# Wood walls and ceiling



## Mudball (May 31, 2006)

I have a chance to buy some poplar wood slats of different widths. Same thickness but different lengths and widths. It has been run through a plane so the surface is pretty smooth. What is the reason (if any) I cant just nail them to the 2X4 walls and ceiling ? Do I need to seal them with something first ? If so then what ? I would like to make this as simple as possible with little cost and time and where a more natural look is desired.
Thanks


----------



## Square Eye (May 31, 2006)

Poplar is an excellent choice for paneling walls. It's lightweight and accepts stain or paint exceptionally well. The lack of pine tar makes it easy to work with and cleaner. I'd seal it with a sanding sealer, or stain, or polyurethane if you want a cleanable moisture resistant finish. If you have bare studs, you might consider using a black plastic for a vapor barrier. That will make it look better at the joints. Installing it on the diagonal looks nice too!

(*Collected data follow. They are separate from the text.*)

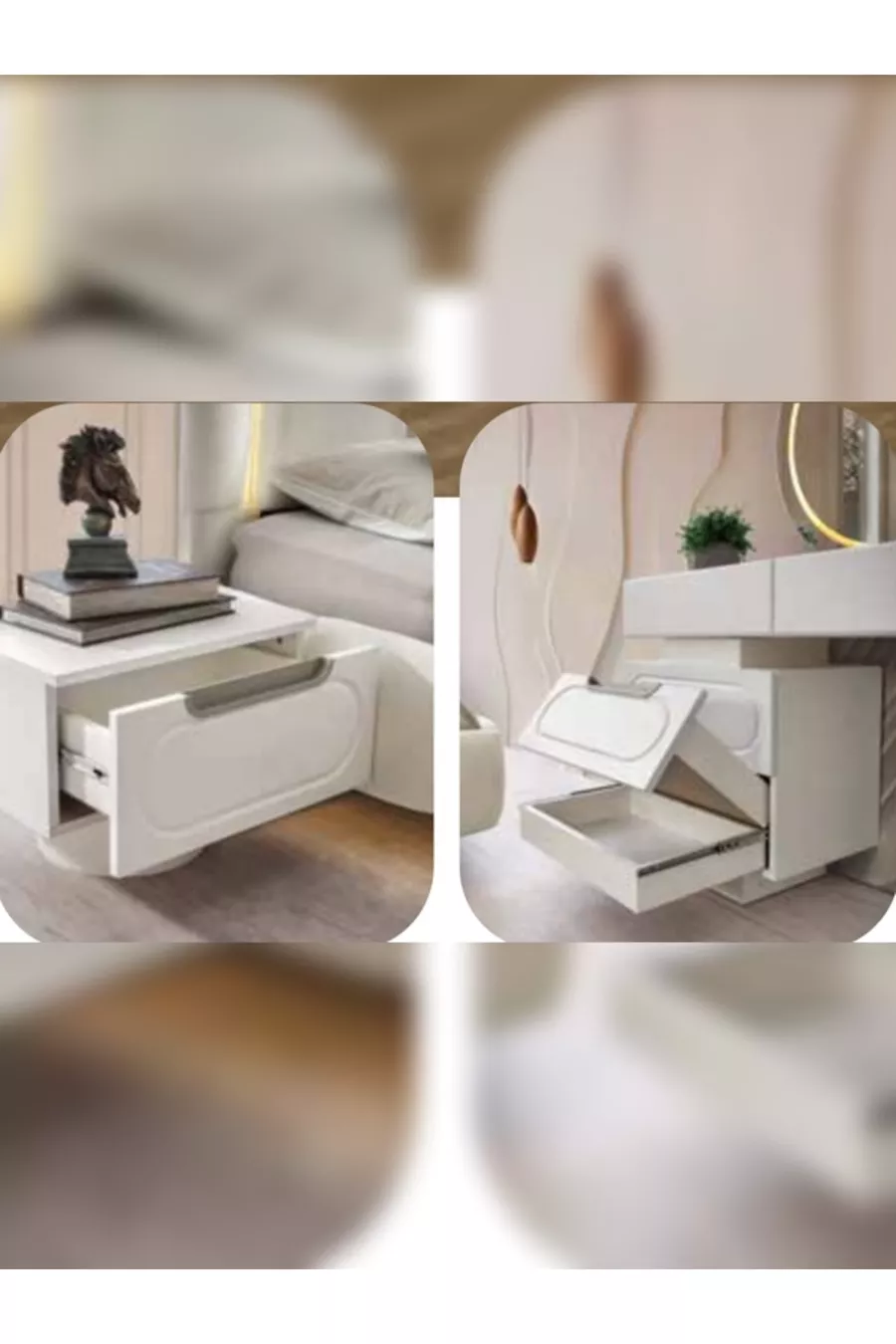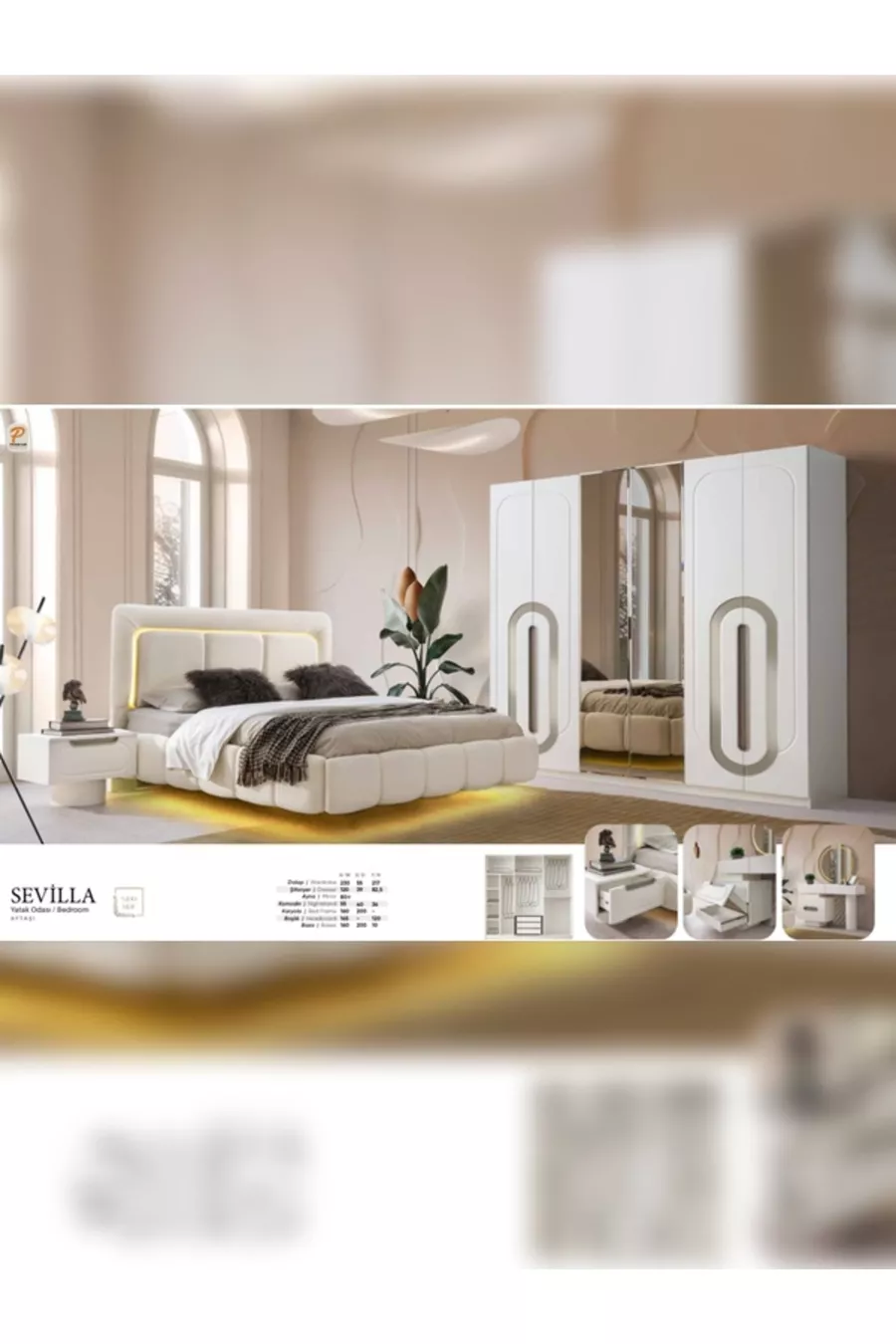 Kleur: Wit Bedframe/Maat: 160 x 200 Bedframe Functie: Zonder lade Kast Functie: Met spiegel Materiaal kastlichaam: MDF Aantal deuren: 6 Set Inhoud: Kast + 2 nachtkastjes + ladekast + hoofdbord Stijl: Modern Thema/Stijl: Modern Herkomst: TR
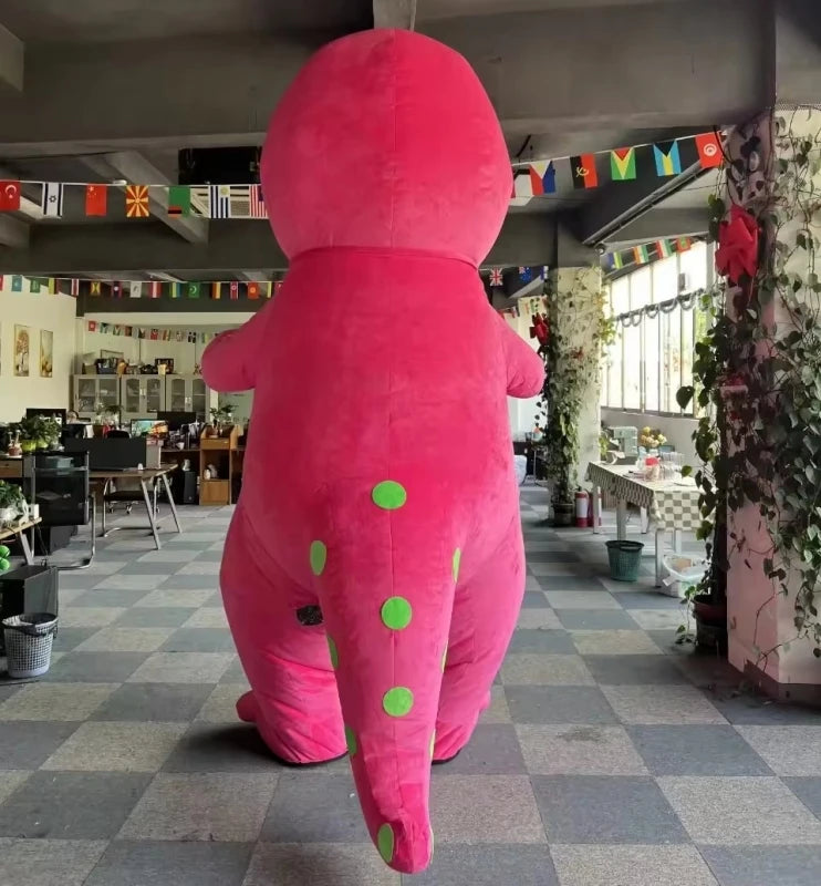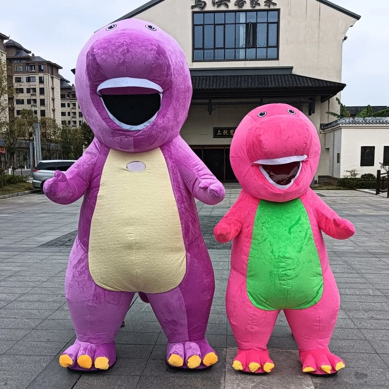 • زي تميمة تنين بنفسجي قابل للنفخ بالكامل بتصميم مستوحى من الشخصيات الكرتونية الشهيرة مثل بارني
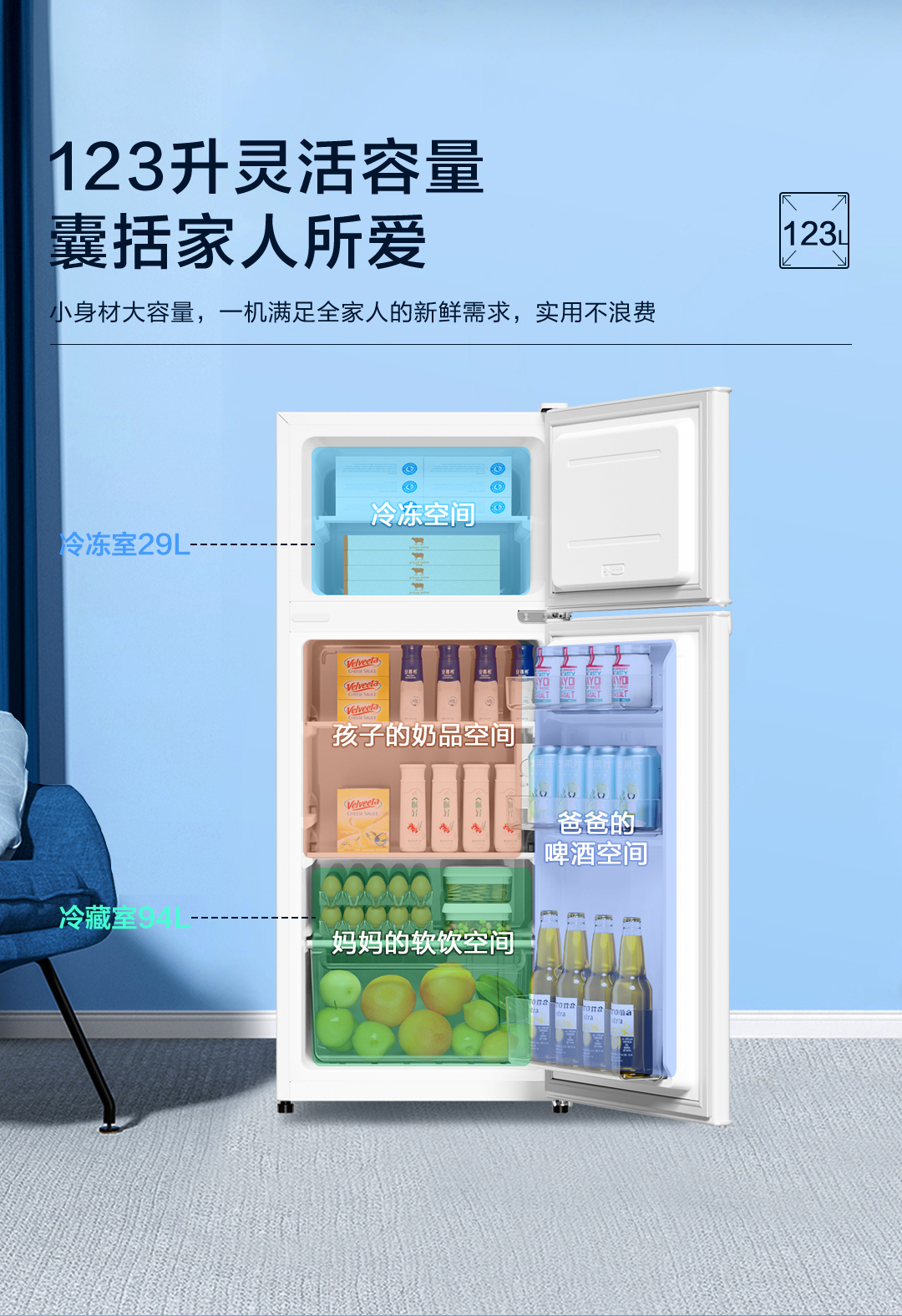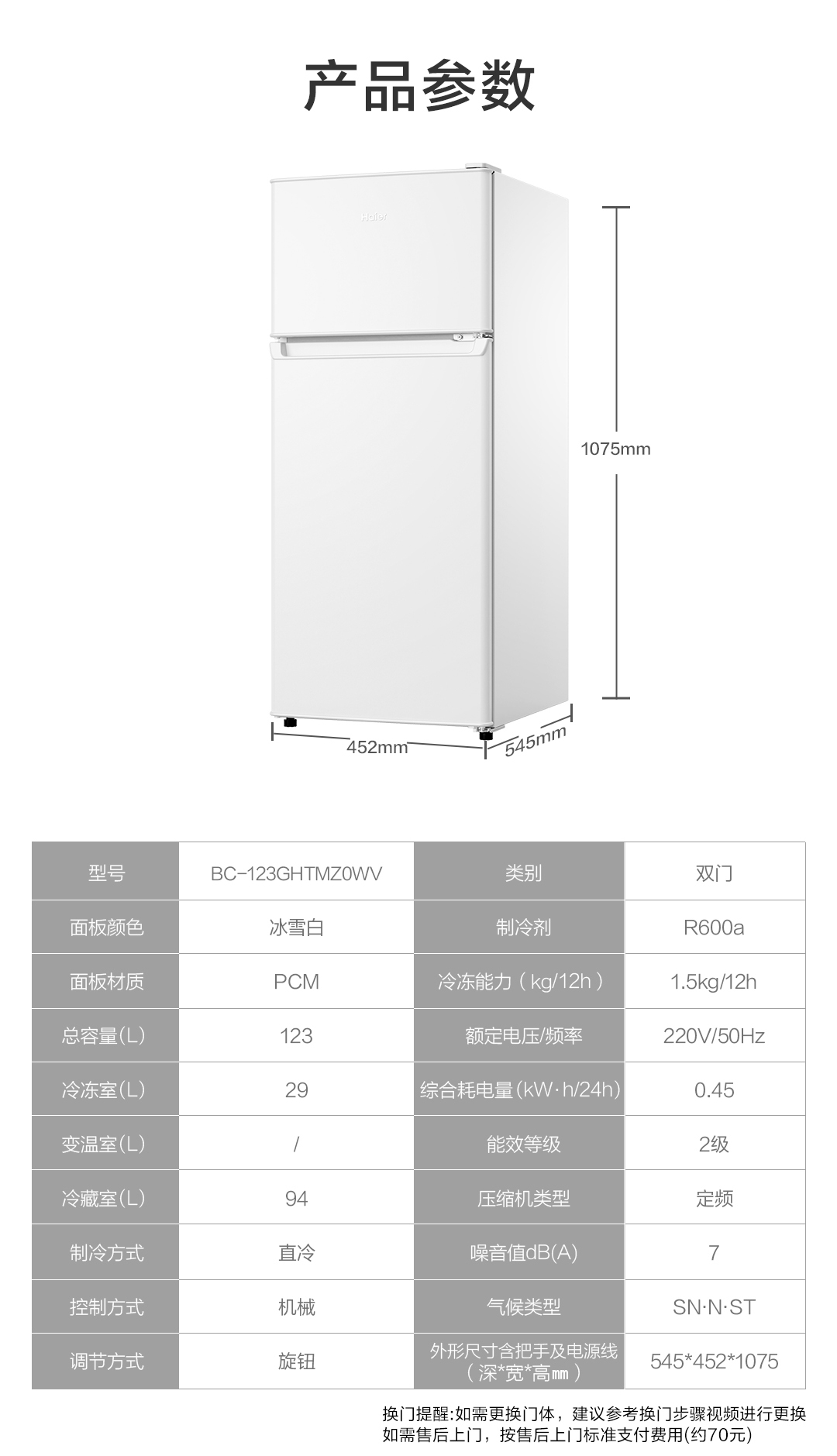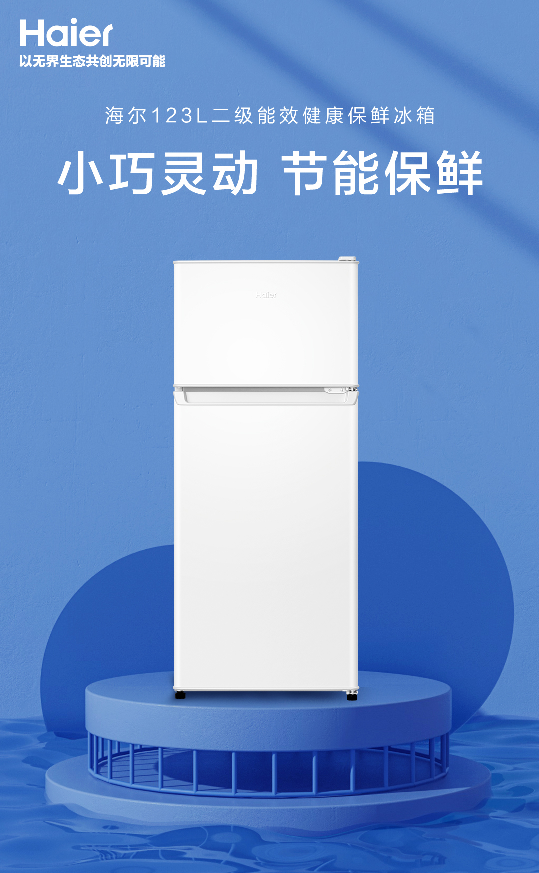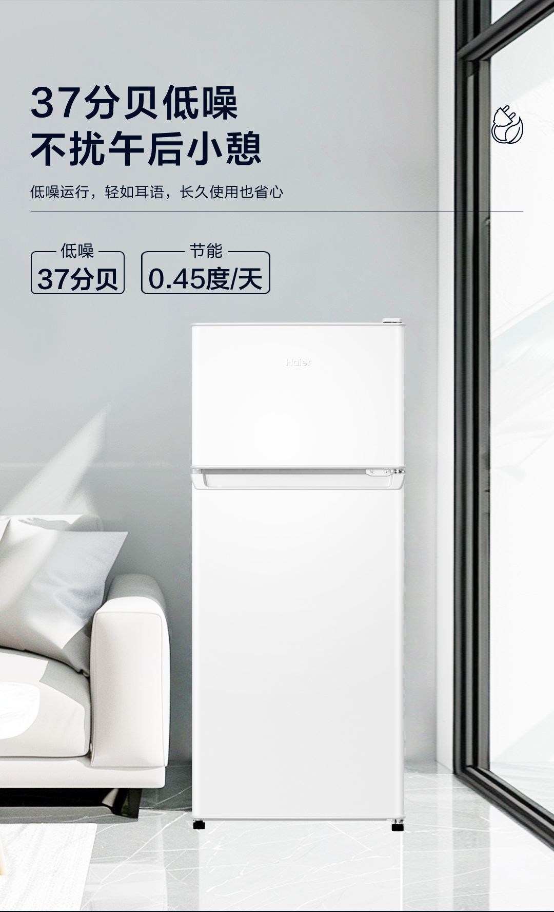 海尔(Haier)BCD-123GHTMZ0WV 冰箱双门123升节能直冷独立式定频二级能效单位:台 白色
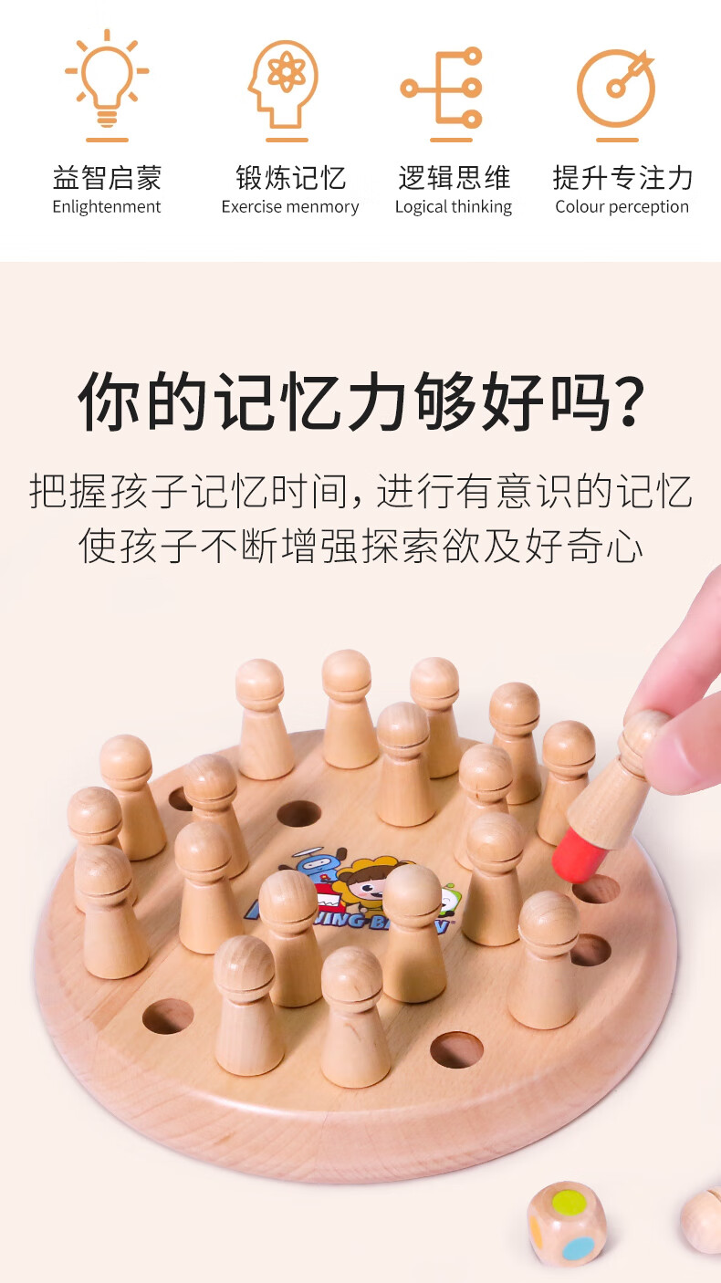 Wooden Wanshijia memory chessboard children's concentration training logical thinking early education puzzle parent-child interactive table game intellectual toy memory chessboard toy

Yep, very rustic and natural. Sounds good to me.


----------



## Mudball (May 31, 2006)

Thanks for the help. Would you also seal both sides of the boards ?
What we will have is a concrete block wall sealed on the interior with UGL Drylok and then a 2X4 stud wall and then attach the Poplar wood. Should we be concerned with a barrier of some kind between the Poplar and the 2X4's ?
We are concerned about moisture/mold.
Thanks


----------



## Square Eye (May 31, 2006)

You'll need to insulate the walls. The block will condense moisture. If you insulate it and put a moisture barrier over the studs, the moisture will certainly be limited from the humidity in the house.  The insulation will keep the cool surface of the blocks insulated and the vapor barrier will keep the moisture out of the wall cavity. Make sure that your dryer is vented outside and that bathroom vents are also vented outside, not into the basement or the attic. 

I would seal all sides of the boards.


----------



## Mudball (Jun 2, 2006)

Thanks Square Eye. My plan was to insulate the inside of the blocks. I do thank you for the help and advice of watching out for moisture problems and the other suggestions. I need all the help I can get Im not sure if we will go this route or not but it certainly helps to get answers and suggestions when a person is considering it.
Thanks


----------